One final thing that did bother me about Bowden's column is that she mentions winter and less vitamin D correlating with mood difficulties but, at the end of the article her description of a Mediterranean diet includes lean meats and fat free dairy.  Not only is this a very strange perversion of traditional Mediterranean food; ever heard of Greeks trimming all the far off their roast lamb? Ever heard of traditional fat-free Greek yogurt? It also blatantly disregards the vitamin D contained in animal fats.  To be fair, it's not her version of a Greek diet, she is just describing one that is being used in trials to see if it makes a difference in mental health.  I just wish our residual puritan terrified-of-fat contemporary Western nutritional paradigm would get some more perspective.

4 comments:

  1. Right on Isa, and I totally concur on the fat phobia that seems to have set in when I was still a kid (and loved my scrambled eggs cooked in bacon grease). In our house we only buy butter, not margarine. We go through the big 4L tins of olive oil, source our raw full-cream milk from a local organic farmer, and cook our roasts and steaks with the fantastic, grass-fed, omega-3-laden "wrapping" intact.

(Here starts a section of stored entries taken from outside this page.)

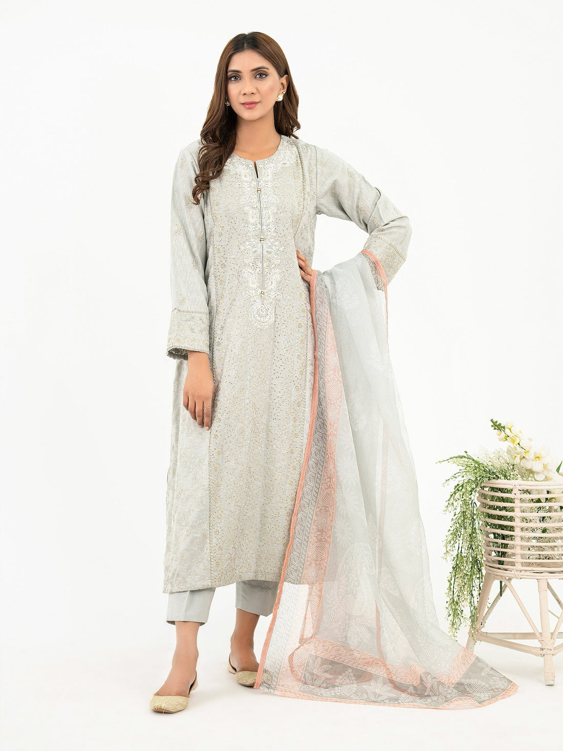 3 Piece Jacquard Suit-Embroidered (Unstitched)
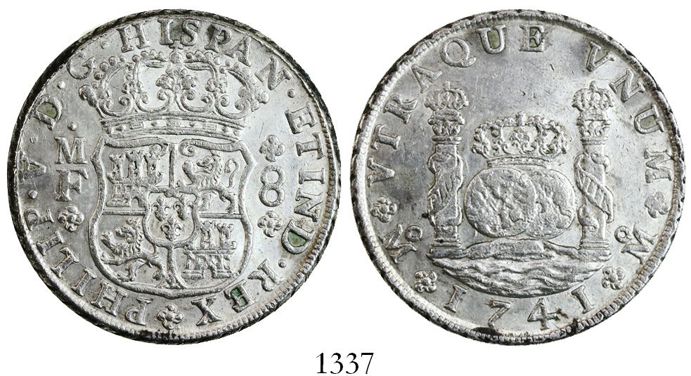 Mexico City, Mexico, pillar 8 reales, Philip V, 1741MF. KM-103; CT-791. 27.14 grams. Bold, non-salvage Mint State with bagmarks in fields, no toning, muted luster.
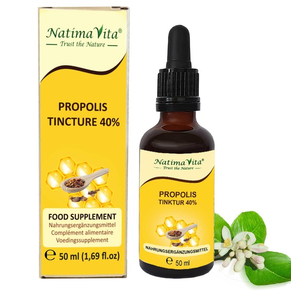 Propolis Tincture 40% - 50 ml - Pure High Dose Propolis Drops - 100% Natural - Propolis Extract - Practical Pipette - Easy Dosage - NatimaVita
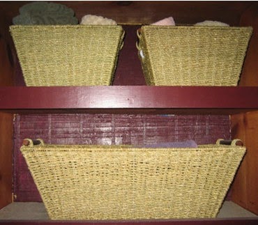 cores e tipos. Use cestos de vime ou caixas organizadoras para ajudar na
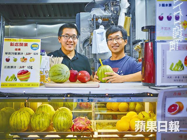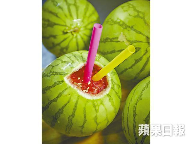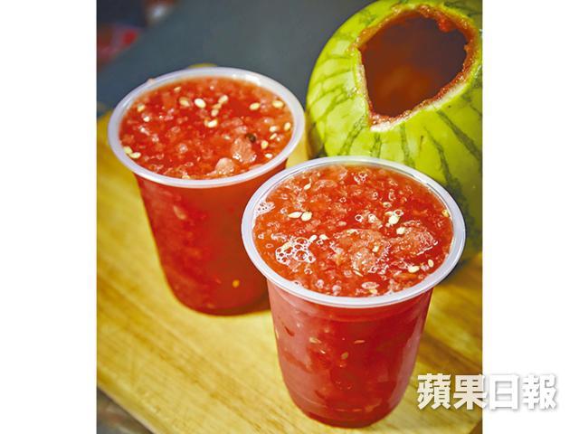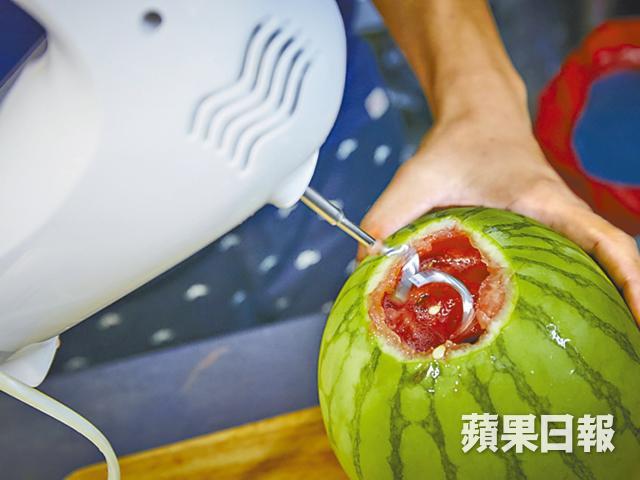早前在青衣大戲棚爆紅起來的「電鑽原個西瓜汁」有人愛又有人怕,愛其原汁原味,但見到強大馬力的電鑽機把西瓜鑽得血紅果汁四濺,又有點心驚。油麻地新開的果汁店,兩個年輕老闆Richard和Ben受到這電鑽啟發,決定有樣學樣,不過他們用的器具是電動打蛋器和打麵糰用的擀麵棍,先把西瓜頭破開,插入攪麵棍轉啊轉,西瓜肉便已輕輕攪碎,不到兩分鐘便打起一個,其間沒有瓜汁四濺,亦毋須擔心電鑽頭的衞生,這溫和版的電鑽西瓜汁更教人放心。Ben說他和拍檔每隔兩晚便要趁凌晨打烊後,去附近的油麻地果欄入貨,「西瓜熟得快,太熟一鑽便爆開,所以要趁新鮮,惟有密密入貨。」選瓜也有學問,西瓜按體形大小分九級,他們選用的是中等偏大的5號瓜,直徑約六至七吋左右,拿上手大小剛好,「我們試了四至五種瓜,最後選用新彊種的美國西瓜,果汁清甜,而且皮非常薄,可以打更多汁。」
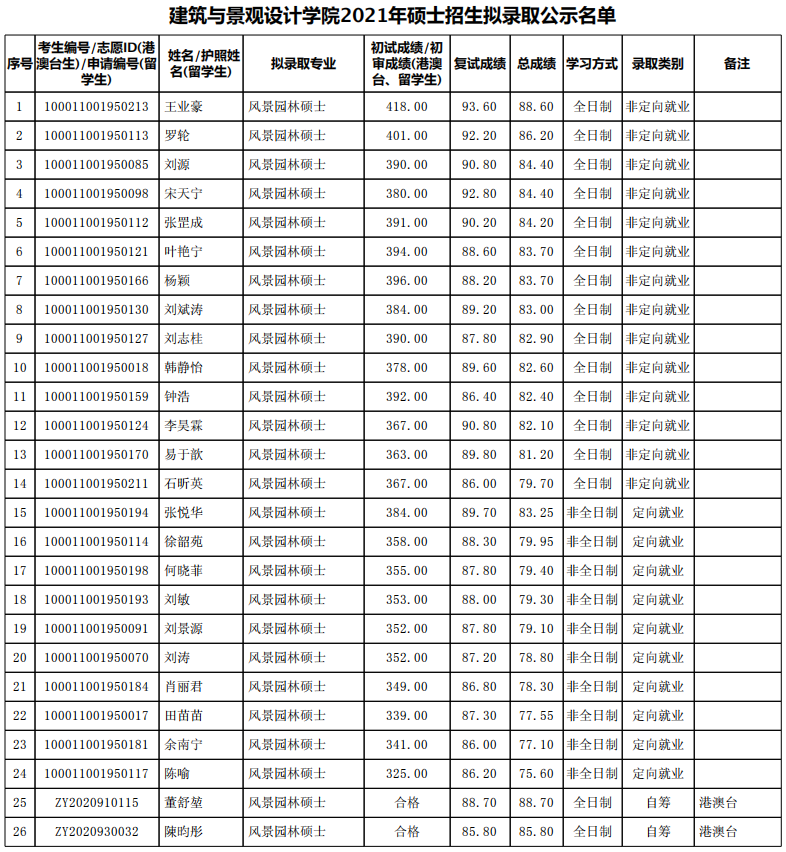 原文标题:建筑与景观设计学院2021年硕士招生拟录取公示名单
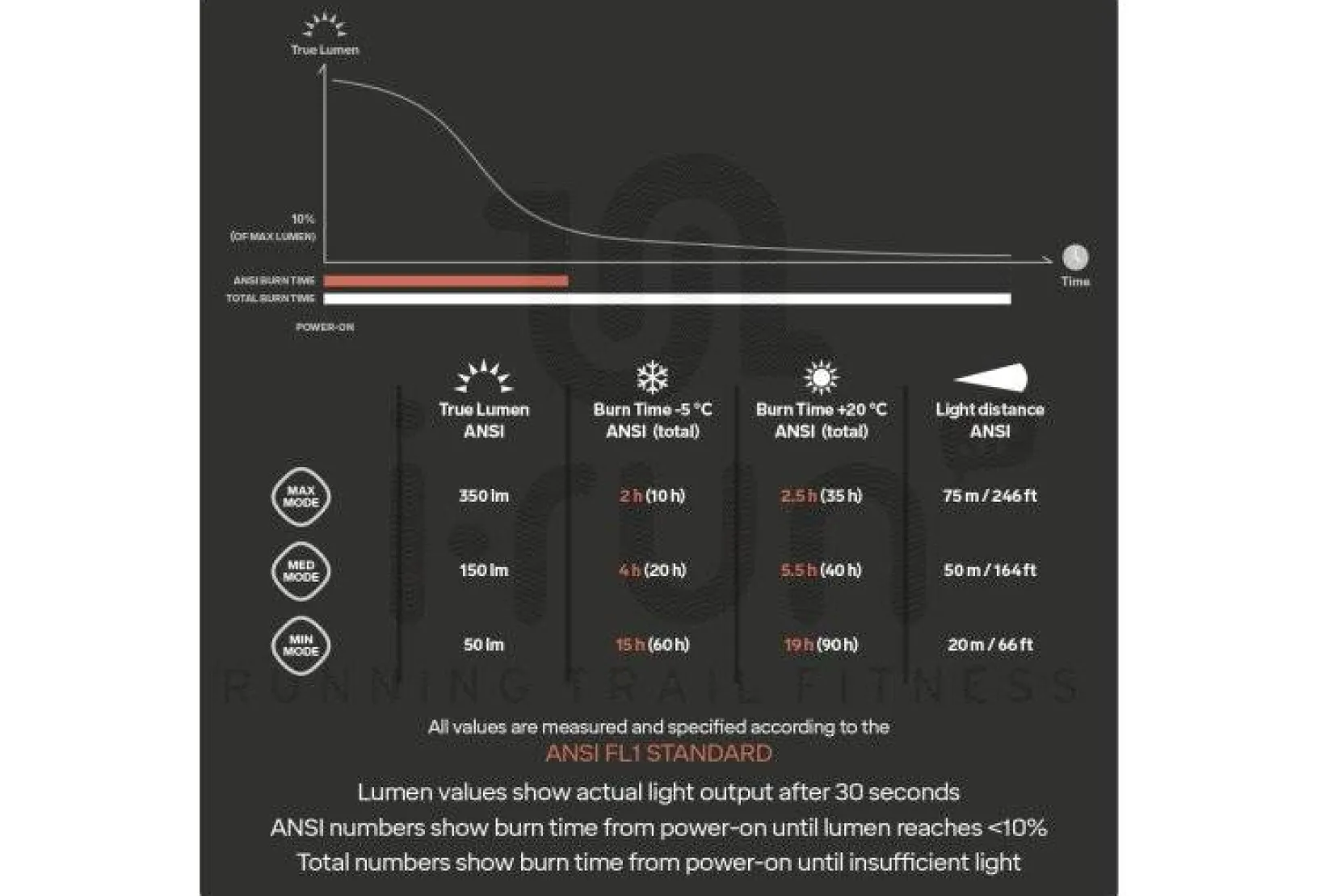 - Lumens : 50 (mode min), 150 (mode med) et 350 (mode max)

    Cholesterol is actually a critical dietary factor when babies' brains are developing up to at least 24 months. Omega-3 has been linked to well-being and consumption of lots of fish probably wards off seasonal depression among people who live in the far north. I definitely have felt more positive on the whole since coming to NZ and adopting my present-day eating habits. And I still weigh about what I did when I was a teenager.

    ReplyDelete
  2. I agree. Cholesterol is a very important substance in the body but it gets a bad rap. It's essential for tissue repair and is a precursor to hormones among other things. A correlation between high blood cholesterol and heart disease being interpreted as dietary fat = heart disease is exactly the kind of reductionism that nutritional science is guilty of. Never mind that dietary cholesterol is broken down by bile in the digestive tract. Could it just be that the body, in a state of trying to repair itself, is producing more cholesterol or could it be more related to trans fats from oxidised vegetable oil? It is very hard to tell.

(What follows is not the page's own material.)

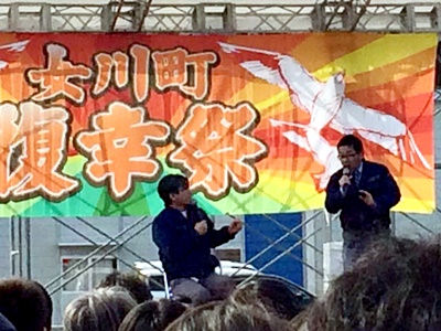 駅の周りが「海ステージ」でメイン会場。まずは「今日限定」の女川駅駅弁購入。「高政」とももクロのコラボ笹かまも売ってたので購入。
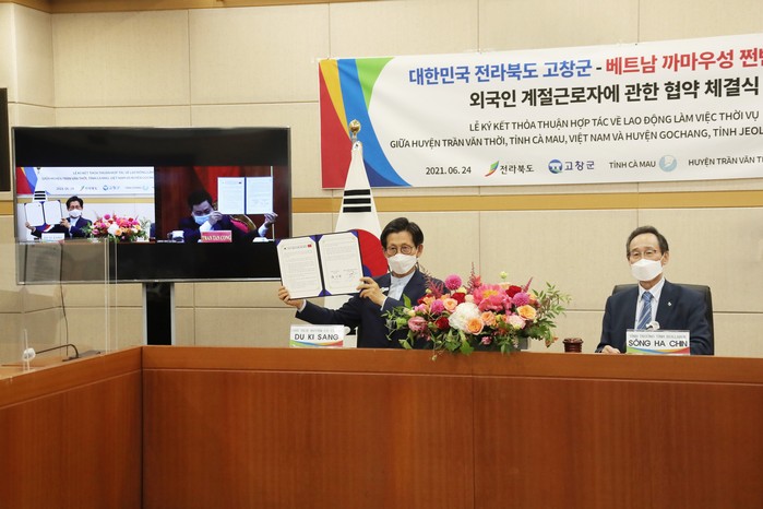 25일 고창군에 따르면 전날 오후 전북도청 영상회의실에서 농촌 인력 부족 완화를 위해 베트남 쩐반터이군과 화상으로 ‘외국인 계절근로자 도입을 위한 업무협약’을 체결했다.

    I think that rather than zooming in on all these little details to find answers we need to start looking at the patterns on biological, individual, community and greater-societal levels to figure out what is going wrong and how to remedy it.

    ReplyDelete
  3. Good fats are key. I was vegan/gluten free for years and my body, particularly my skin, suffered as a result. I took to pouring olive oil over food before eating it. I now eat eggs and cheese and still a fair bit of olive oil, and do feel heaps better.
    When I am depressed, I am much more likely to eat industrialised crap. When I am making soup for the week ahead, and have sprouts on the go, or have been in garden for the afternoon, then I feel good. And then I tend to eat well.

    ReplyDelete
  4. Veganism is interesting. There is a strong moral imperative to walk lightly on the earth but it is also well within the territory of Western elitist privilege. I have met a handful of seemingly healthy vegans and several handfuls of those with pallid complexions and sunken eyes. I imagine it's tricky getting the right kinds of oils and fats as well as B complex and fat soluble vitamins. In my opinion eggs are one of the perfect foods, as is good quality chocolate: containing all three macro-nutrients as well as an vast assortment of micro and trace nutrients. Sprouts are also awesome although I never seem to keep up with them. I'm really feeling the need for soup lately with winter setting in.